Those drives are 7200 rpm drives which would give you a maximum write
rate of 120/sec at best with the cache disabled. I actually think your
70/sec is closer to reality and what you should anticipate in real use.
I do not see how they could make 170/sec. Did they strap a jet engine to
the drive. :)

Regards,
Ken

Re: Using pgiosim realistically

От
John Rouillard
Дата:
On Sat, May 14, 2011 at 12:07:02PM -0500, ktm@rice.edu wrote:
> On Fri, May 13, 2011 at 09:09:41PM +0000, John Rouillard wrote:
> > I am adding pgiosim to our testing for new database hardware and I am
> > seeing something I don't quite get and I think it's because I am using
> > pgiosim incorrectly.
> >
> > Specs:
> >
> >   OS: centos 5.5 kernel: 2.6.18-194.32.1.el5
> >   memory: 96GB
> >   cpu: 2x Intel(R) Xeon(R) X5690  @ 3.47GHz (6 core, ht enabled)
> >   disks: WD2003FYYS RE4
> >   raid: lsi - 9260-4i with 8 disks in raid 10 configuration
> >               1MB stripe size
> >               raid cache enabled w/ bbu
> >               disk caches disabled
> >   filesystem: ext3 created with -E stride=256
> >
> > I am seeing really poor (70) iops with pgiosim.  According to:
> > http://www.tomshardware.com/reviews/2tb-hdd-7200,2430-8.html in the
> > database benchmark they are seeing ~170 iops on a single disk for
> > these drives. I would expect an 8 disk raid 10 should get better then
> > 3x the single disk rate (assuming the data is randomly distributed).
> Those drives are 7200 rpm drives which would give you a maximum write
> rate of 120/sec at best with the cache disabled. I actually think your
> 70/sec is closer to reality and what you should anticipate in real use.
> I do not see how they could make 170/sec. Did they strap a jet engine to
> the drive. :)

Hmm, I stated the disk cache was disabled. I should have said the disk
write cache, but it's possible the readhead cache is disabled as well
(not quite sure how to tell on the lsi cards).
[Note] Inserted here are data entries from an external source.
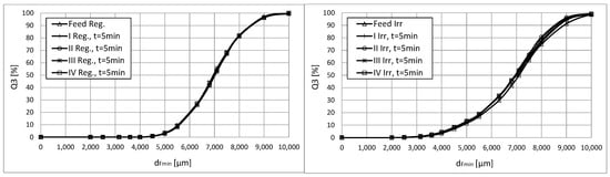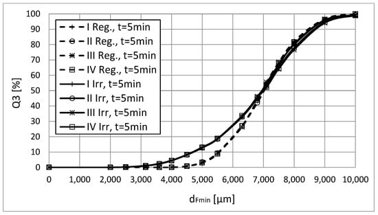 Variations in shape coefficient values obtained for regular and irregular particles could indicate for various particle size compositions of both samples. The performed analysis of the particle size distribution according to the minimum Feret’s diameter dFmin carried out for the tested feed with regular and irregular particles, prepared on slotted sieves, indeed showed the differences in their particle size (Figure 12). The feed material with irregular particles contained twice as many fine particles (below 5 mm). The visual system for these particles dynamically recorded the smallest third dimension of irregular particles, indicating their flatness, as the minimum Feret’s diameter and thus decreased the result of particle distribution. In the area of intermediate particles physically measured on 6.3 mm and 8 mm slot sieves, dynamic image analysis measuring their particle size distribution according to dFmin underestimates the proportion of irregular particles in the feed. However, it overestimates the yield of these particles in the upper particle size range, close to the size of 8 mm, obtained on a slotted sieve. This is due to the fact that irregular particles are randomly registered by the visual system, as well as in the orientation displaying the two largest dimensions, without capturing the third—the smallest, and that one gives information regarding the flatness (irregularities) of these particles. These two larger dimensions of irregular particles are usually greater than the corresponding dimensions of regular particles within the same particle size class. Differences in the distribution of particles between regular and irregular ones are therefore directly related to differences in their shape. It can be assumed that the differences would be greater with the use of the 3D technique, which in each case takes into account the third dimension of the particle, and not only randomly in the case of a convenient orientation of the particle, such as in the case of the DIA method.
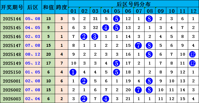 后区分析:上期开出小小偶偶组合02、04,前十期后区大小比为9:11,小数号码相对热出,其中小大组合占3期。本期预计小大组合出现,后区推荐号码04、09。
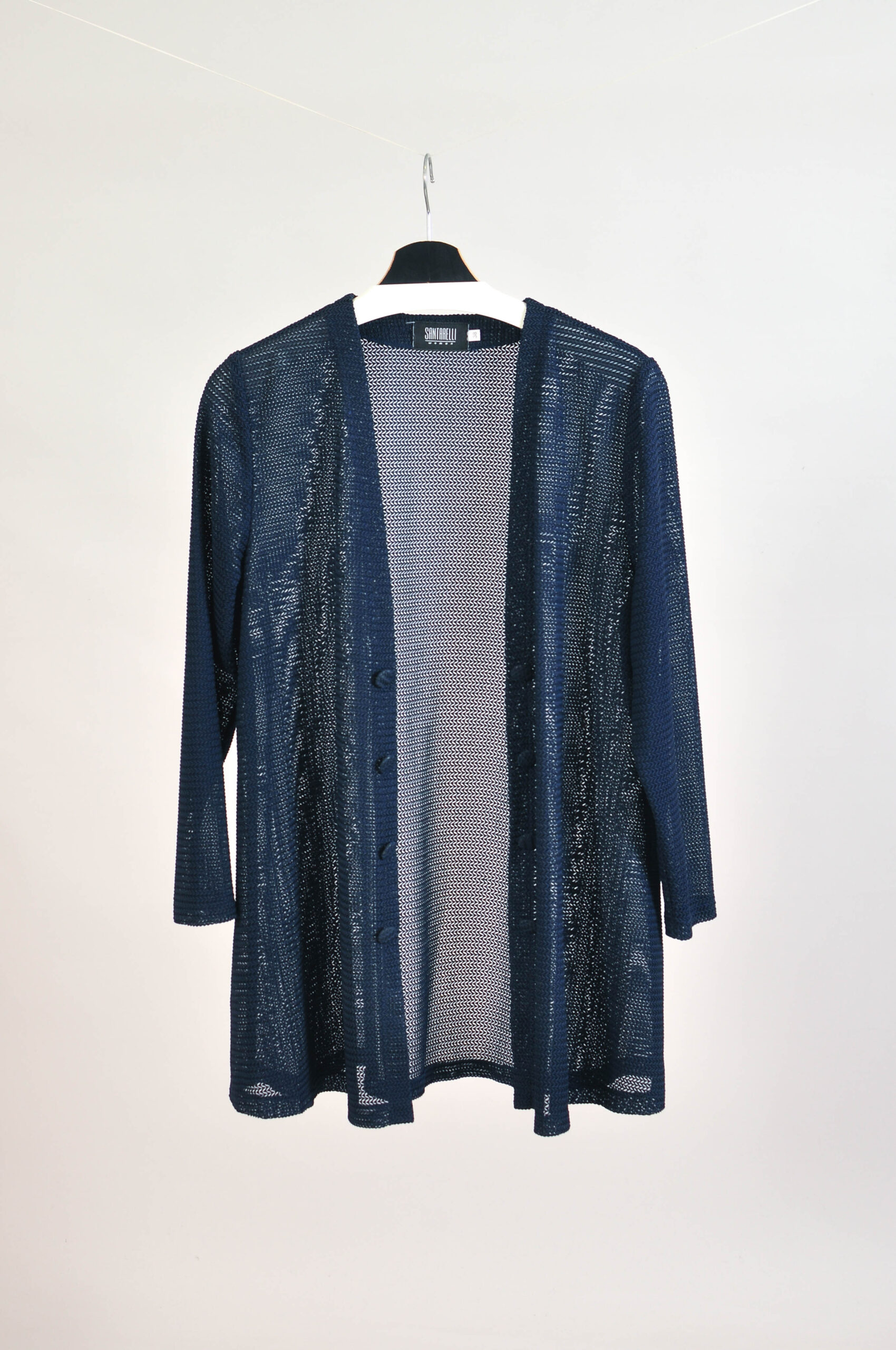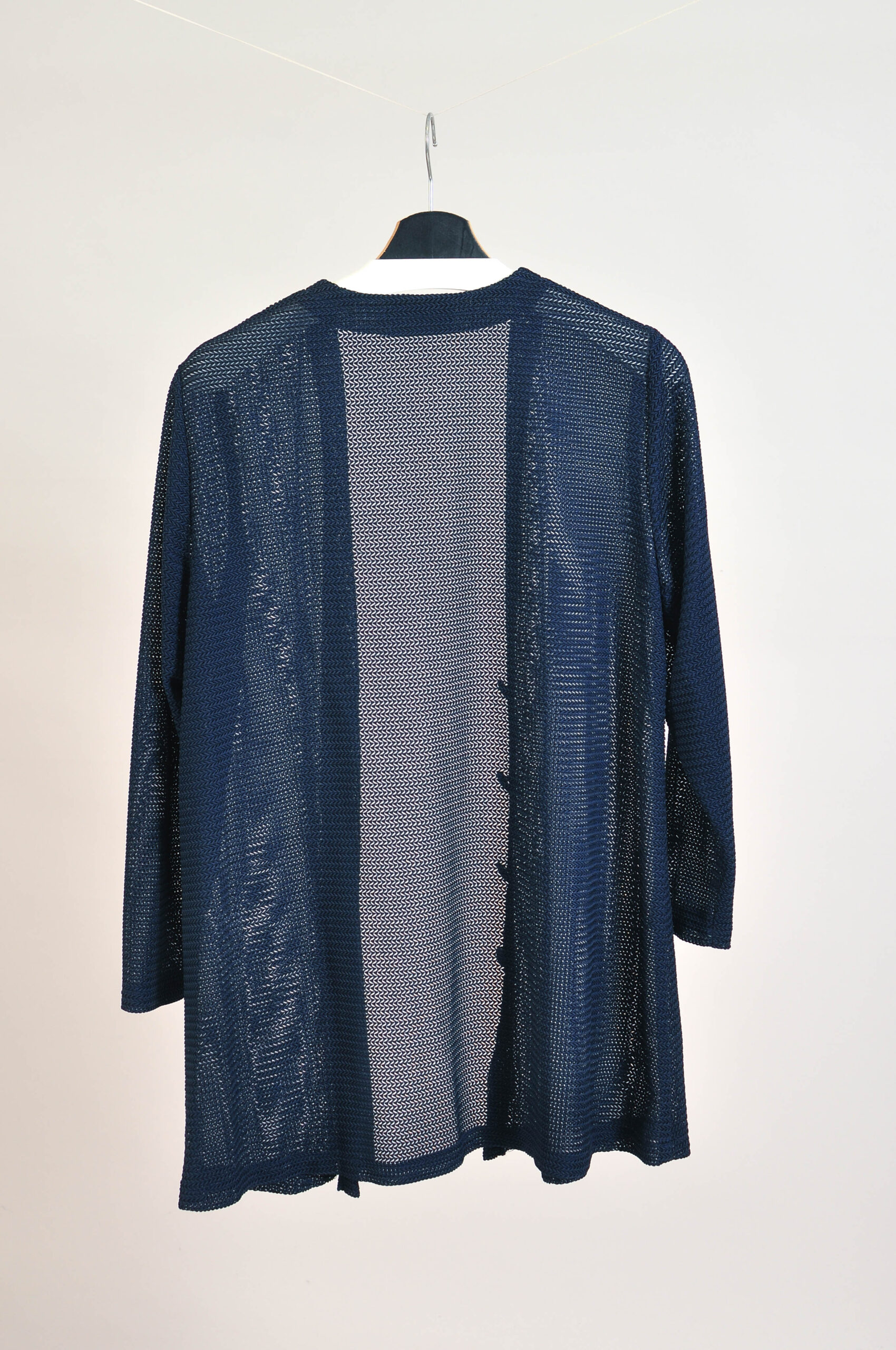 Elegant vintage 90s open front navy kimono by Santarelli featuring a relaxed, flowing silhouette and minimalist design. A versatile layering piece that adds effortless sophistication to any outfit.
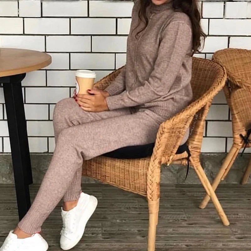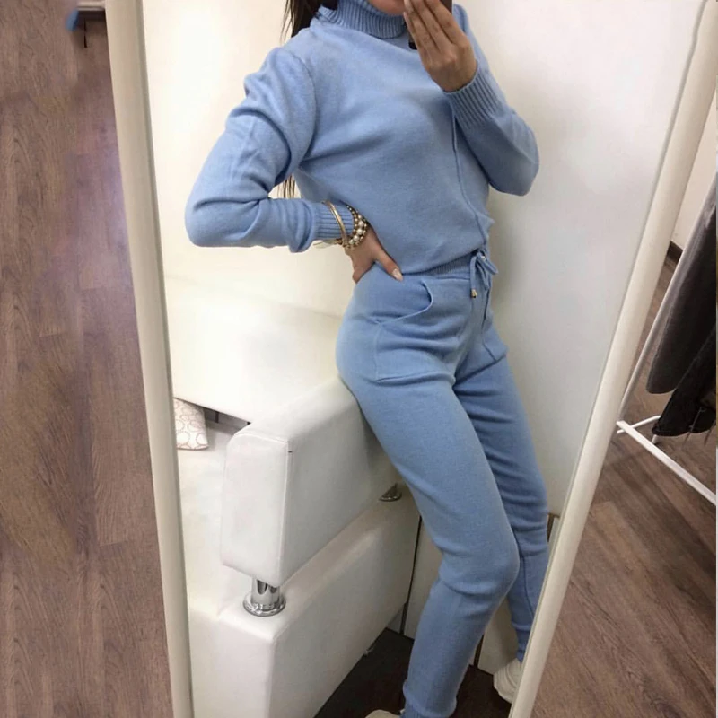Зимний женский вязаный джемпер и брюки, повседневный костюм, пуловер в рубчик с высоким воротником и карманами, комплект из двух предметов, спортивные костюмы для женщин

Also there isn't a lot
of detail in what the database test mix is and I haven't tried
researching the site to see if the spec the exact test. If it included
a lot of writes and they were being handled by a cache then that could
explain it.

However, in my case I have an 8 disk raid 10 with a read only load (in
this testing configuration). Shouldn't I expect more iops than a
single disk can provide? Maybe pgiosim is hitting some other boundary
than just i/o?

Also it turns out that pgiosim can only handle 64 files. I haven't
checked to see if this is a compile time changable item or not.

--
                -- rouilj

John Rouillard       System Administrator
Renesys Corporation  603-244-9084 (cell)  603-643-9300 x 111

Re: Using pgiosim realistically

От
Jeff
Дата:
On May 16, 2011, at 9:17 AM, John Rouillard wrote:

>>>
>>> I am seeing really poor (70) iops with pgiosim.  According to:
>>> http://www.tomshardware.com/reviews/2tb-hdd-7200,2430-8.html in the
>>> database benchmark they are seeing ~170 iops on a single disk for
>>> these drives. I would expect an 8 disk raid 10 should get better
>>> then
>>> 3x the single disk rate (assuming the data is randomly distributed).
>> Those drives are 7200 rpm drives which would give you a maximum write
>> rate of 120/sec at best with the cache disabled. I actually think
>> your
>> 70/sec is closer to reality and what you should anticipate in real
>> use.
>> I do not see how they could make 170/sec. Did they strap a jet
>> engine to
>> the drive. :)
>

also you are reading with a worst case scenario for the mechanical
disk - randomly seeking around everywhere, which will lower
performance drastically.

> Hmm, I stated the disk cache was disabled. I should have said the disk
> write cache, but it's possible the readhead cache is disabled as well
> (not quite sure how to tell on the lsi cards). Also there isn't a lot
> of detail in what the database test mix is and I haven't tried
> researching the site to see if the spec the exact test. If it included
> a lot of writes and they were being handled by a cache then that could
> explain it.
>

you'll get some extra from the os readahead and the drive's potential
own readahead.


> However, in my case I have an 8 disk raid 10 with a read only load (in
> this testing configuration). Shouldn't I expect more iops than a
> single disk can provide? Maybe pgiosim is hitting some other boundary
> than just i/o?
>

given your command line you are only running a single thread - use the
-t argument to add more threads and that'll increase concurrency.  a
single process can only process so much at once and with multiple
threads requesting different things the drive will actually be able to
respond faster since it will have more work to do.
I tend to test various levels - usually a single (-t 1 - the default)
to get a base line, then -t (drives / 2), -t (#drives) up to probably
4x drives (you'll see iops level off).

> Also it turns out that pgiosim can only handle 64 files. I haven't
> checked to see if this is a compile time changable item or not.
>

that is a #define in pgiosim.c

also, are you running the latest pgiosim from pgfoundry?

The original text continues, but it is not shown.